Esta ciudad, que tiene el honor de servir de residencia al Emperador, no respondió en modo alguno a las ideas que de ella me había hecho, resultando ser mucho menos de lo que me esperaba encontrar. Las calles están muy cerca unas de otras y son tan estrechas que resulta imposible contemplar las bellas fachadas de los palacios, a pesar de que muchos de ellos son dignos de observación, pues son verdaderamente magníficos, todos construidos en fina piedra blanca, y desmesuradamente altos. La ciudad es demasiado pequeña para el número de personas que desean vivir en ella y, según parece, los constructores han proyectado poner remedio a esa desgracia amontonando una ciudad sobre la otra, en vista de que la mayoría de las casas tienen cinco y hasta seis plantas. Como podrás imaginar, al ser las calles tan angostas, las habitaciones superiores resultan muy oscuras y, lo que representa a mi modo de ver un inconveniente más intolerable, no hay una sola vivienda que no albergue por lo menos cinco o seis familias. Las estancias de las damas más encumbradas e incluso de los ministros de estado están separadas por un simple tabique de los pertenecientes a sastres o zapateros y no conozco a nadie que tenga más de dos plantas en ninguna casa, una para su propio uso y otra superior para la servidumbre. Quienes disponen de casas en propiedad, alquilan el resto de ellas a quien quiera tomarlas, por lo cual las grandes escalinatas (que son todas de piedra) son tan comunes y están tan sucias como las calles. No obstante, es verdad que cuando las has recorrido, nada hay que resulte más sorprendente y admirable que estas estancias. Comúnmente son un conjunto de ocho o diez habitaciones amplias, todas ataraceadas, las puertas y ventanas ricamente talladas y doradas y el mobiliario es de aquellos que no suelen verse en los palacios de príncipes soberanos de otros países: tapices de las más ricas telas de Bruselas, espejos prodigiosamente largos con marcos de plata, finas mesas japonesas, camas, sillas, doseles y cortinajes en los más ricos damascos o terciopelos de Génova, cubiertos por encajes o bordados de oro y, alegrando el conjunto, cuadros, jarrones inmensos de porcelana y, prácticamente en todas las habitaciones, se ven enormes arañas de cristal de roca.

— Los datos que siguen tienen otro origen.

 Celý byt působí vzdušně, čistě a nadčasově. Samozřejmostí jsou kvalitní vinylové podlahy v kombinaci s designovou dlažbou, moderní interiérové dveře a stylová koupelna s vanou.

He tenido ya el honor de que varias de las personalidades de mayor rango me invitaran a cenar, y debo hacerles justicia diciendo que el buen gusto y la magnificencia de sus mesas armonizan muy bien con el de su mobiliario. En más de una ocasión me han agasajado con cincuenta platos de carne, todos ellos servidos en bandejas de plata y deliciosamente aliñados; los postres, en concordancia con los demás platos, los sirven en la más fina porcelana. Aunque la variedad y la riqueza de sus vinos es lo que más sorprende de todo. La costumbre imperante es dejar una lista de sus nombres sobre los platos de los invitados junto con las servilletas, y en varias ocasiones he llegado a contar hasta dieciocho variedades diferentes, todos exquisitos dentro de su especie.

Ayer estuve en casa del conde Schönborn,15el jardín del vicecanciller, donde me invitaron a cenar, y he de reconocer que jamás había visto sitio más perfectamente encantador que el Faubourg de Viena. Es muy amplio y casi en su totalidad compuesto por deliciosos palacios, y si el emperador encontrara oportuno permitir que se abrieran las puertas de la ciudad, y el Faubourg pasara a formar parte de ella, dispondría de una de las ciudades más grandes y mejor construidas de Europa. La villa del conde Schönborn es una de las más lujosas; el mobiliario exhibe profusión de brocados, de factura tan magnífica que nada hay que parezca más alegre y espléndido, por no hablar de una galería repleta de rarezas de coral, madreperla, etcétera, y por toda la casa hay profusión de dorados, tallas, finas pinturas, las más bellas y delicadas estatuas de alabastro y marfil, e inmensos limoneros y naranjos en tiestos dorados. La cena fue excelente y el buen humor del conde la hizo aún más agradable.